Quite logically, social media has become a central platform for campaigns. Politicians try to reach the public with their ideas, but in contrast to former media types, users can also reach politicians directly. Both can also try to initiate societal debates by placing topics. And when journalists pick up these topics because they seem of critical importance in social media, their reach goes even beyond the boundaries of the social media ecosystem.

As such it is of utmost importance not only for journalists but for the whole society to provide some transparency on campaigns in social media. This shall provide insights into the origins of and motivations behind an observed topic: is a campaign organic or orchestrated (automatic as well as human-driven), i.e., who is participating in these campaigns? What means are employed when placing a topic?

These questions go beyond the challenge of classifying single accounts as social bots or humans. We have to consider interaction of actors and thus the complete (or a representative sample of the) data stream, which is produced on a social media platform. These analyses do no longer focus on singular accounts or a group of users but on the content produced over time. Clearly, the corpus of data that needs to be analyzed is far too large for human manual inspection. But also classical methods of data analysis are not capable to store all data and process it in real time. Real-time detection of possible campaigns, however, is necessary to not lag behind with analysis, when topics reach critical popularity. At the same time, we still need to verify whether campaigns are organic or artificial. This decision can usually not be made ad-hoc and often needs a deeper, sometimes even forensic analysis of campaign data.

In order to address both challenges at the same time, we propose a two-phase framework which supports both campaign and trend detection and a-posteriori in-depth analysis of respective data. Our idea integrates a stream-based unsupervised detection of critical topics and an independent, offline, and extendable analytics environment. This allows to instantly identify upcoming and important topics and subsequently analyze and verify their artificial character. Note that this approach should be considered as a human-in-the-loop support tool, where no automatic decision on a campaign’s quality is made. In principle, it is designed to enable detection and transparent analysis of current topics in many contexts, either the discovery of new and interesting topics or the fight against manipulation via artificial campaigns.

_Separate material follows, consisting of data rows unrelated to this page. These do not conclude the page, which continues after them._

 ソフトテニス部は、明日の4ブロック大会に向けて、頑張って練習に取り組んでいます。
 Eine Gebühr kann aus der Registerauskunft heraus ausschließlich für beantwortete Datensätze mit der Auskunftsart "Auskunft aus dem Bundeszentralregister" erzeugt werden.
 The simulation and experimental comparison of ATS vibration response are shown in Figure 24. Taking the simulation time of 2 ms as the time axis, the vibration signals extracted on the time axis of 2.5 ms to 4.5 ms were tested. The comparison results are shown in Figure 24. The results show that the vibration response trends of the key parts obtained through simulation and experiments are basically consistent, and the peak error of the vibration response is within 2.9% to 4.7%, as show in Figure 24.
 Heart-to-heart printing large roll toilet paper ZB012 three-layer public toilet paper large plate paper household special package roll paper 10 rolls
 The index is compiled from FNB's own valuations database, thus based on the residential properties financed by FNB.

The rest of this work is structured as follows: the next section will summarize related research in the context of this work and then Sect. 3 will detail the two-step framework’s concept proposed in this paper. Section 4 shows the application of our framework in the context of the Brexit discussion two months before and at the final Brexit date at the end of January 2020. Finally, Sect. 5 summarizes and discusses the results of our work and provides some future perspectives.

2 Related Work

Social media has been discussed as environment for disinformation, manipulation, or deception for more than a decade [8] and since the Brexit decision in 2016 as well as the election of Donald Trump for president of the United States, social media is considered an important infrastructure for manipulating societies [3, 22]. Much effort has been put into the (computer-aided) detection of automation in social media. Social Bots are considered very potent actors in the distribution of disinformation [10, 11, 14, 18], and consequently, detection techniques for social bots have been (and still are) an important topic of research [9, 10, 13, 20]. While research started with a focus on the classification of single accounts as bots- or human-driven, some recent publications emphasize the importance of detecting collaboration of multiple actors [9, 12]. An exceptionally early proposal was made by Lee [16] already in 2014 to discriminate campaigns into organic and non-organic ones. While the first arises from classic human interaction in social media the latter type of campaigns is promoted by artificial or automated mechanisms or purchased and supported by the social platform [16].

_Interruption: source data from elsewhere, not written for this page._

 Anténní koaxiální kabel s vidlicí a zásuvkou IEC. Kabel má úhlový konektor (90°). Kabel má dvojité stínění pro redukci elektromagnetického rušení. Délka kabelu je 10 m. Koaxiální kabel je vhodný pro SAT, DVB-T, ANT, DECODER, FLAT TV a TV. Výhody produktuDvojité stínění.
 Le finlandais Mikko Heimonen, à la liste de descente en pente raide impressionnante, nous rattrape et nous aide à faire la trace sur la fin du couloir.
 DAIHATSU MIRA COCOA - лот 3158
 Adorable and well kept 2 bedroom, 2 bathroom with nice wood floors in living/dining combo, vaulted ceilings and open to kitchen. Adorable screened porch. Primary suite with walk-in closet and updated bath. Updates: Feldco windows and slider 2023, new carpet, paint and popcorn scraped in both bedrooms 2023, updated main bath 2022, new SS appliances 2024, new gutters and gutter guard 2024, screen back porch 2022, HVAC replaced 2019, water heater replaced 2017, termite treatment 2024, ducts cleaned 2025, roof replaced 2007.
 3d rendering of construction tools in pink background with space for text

Campaign detection started with offline analysis of network data and topologies, the clustering of posted or shared content, and the investigation of topics’ temporal development. All applied techniques and extracted features mainly aimed for supporting or enabling machine learning approaches. More recent detection approaches afterwards focused on the application of machine learning in campaign detection in order to identify characteristic patterns of organic and non-organic campaigns [10, 20].

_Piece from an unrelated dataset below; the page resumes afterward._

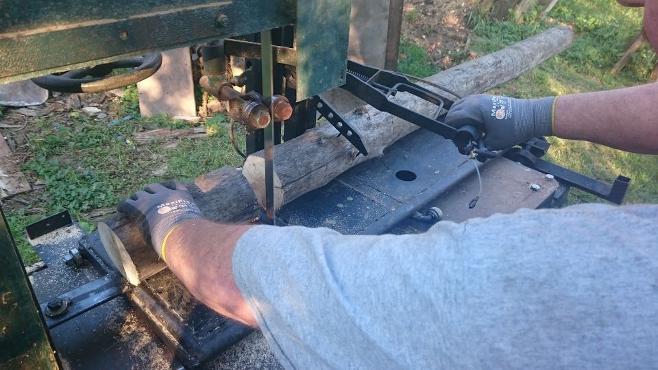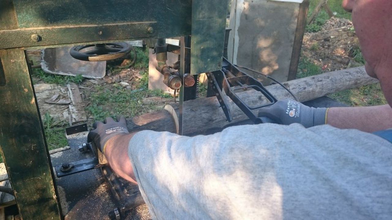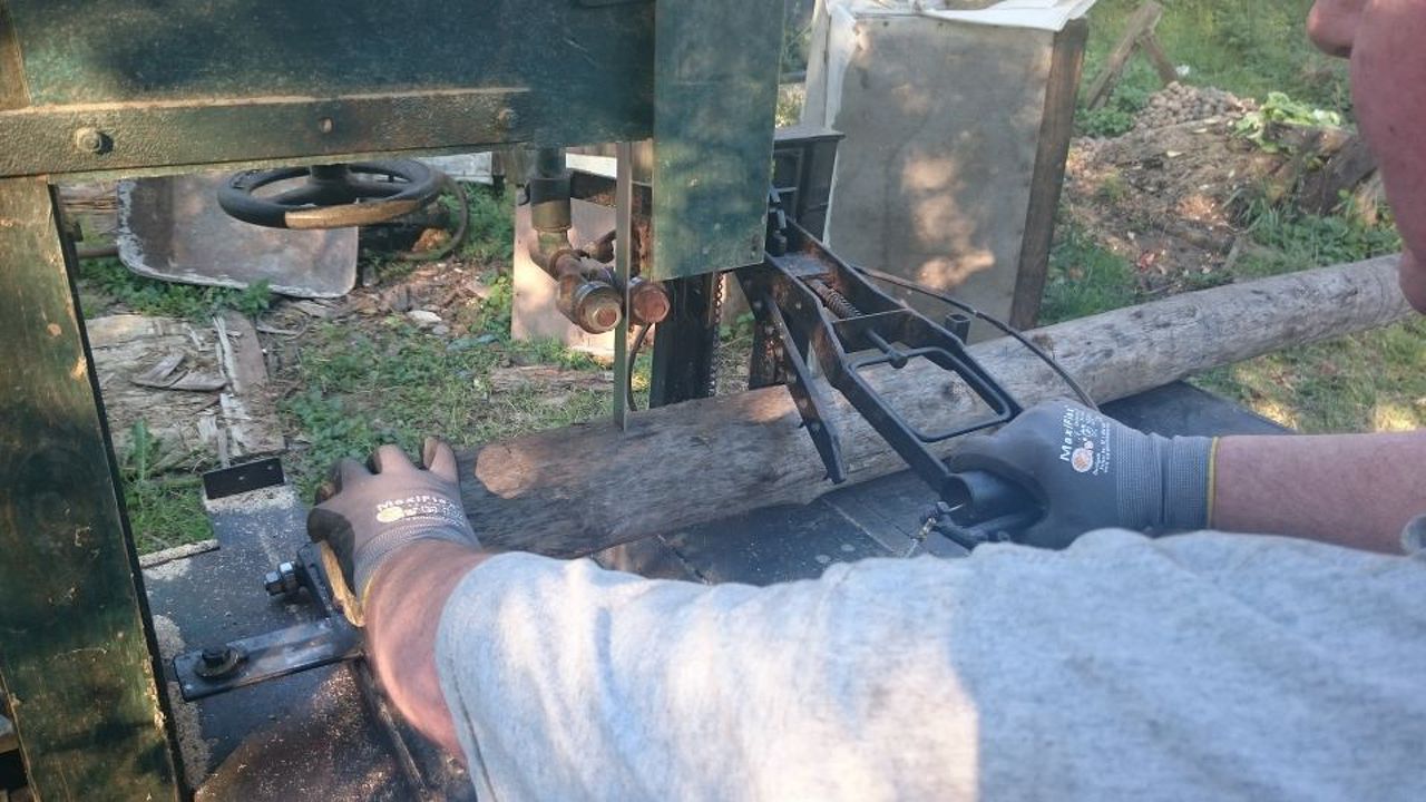 Nem rossz jószág, bár az nem teljesen világos, ha az egyik kezeddel a kart úzod le, akkor csak a másikkal tudod fogni a vágandó rönköt? Ez így nem a legszerencsésebb megoldás, nem?

However, there are some major disadvantages of (supervised) machine learning approaches in this context:

  1. 1.

    Models have to be trained using labelled data. Especially for campaigns in social media, this kind of data is usually not sufficiently available. An insufficient data base, however, makes the approaches imprecise.

  2. 2.

    The learned patterns can only capture the characteristics found in available input and learning data. That is, the machine learning approaches may become outdated and inflexible regarding new kinds of orchestrated campaigns.

There is some recent work [7, 9, 23] which addresses the application of unsupervised detection methods like clustering and network analysis as solutions to some of the issues. These approaches do not need initial training and can detect unknown characteristics. However, as correctly pointed out in [23], these methods are computationally too complex to handle the observed amount of social media content in real-time.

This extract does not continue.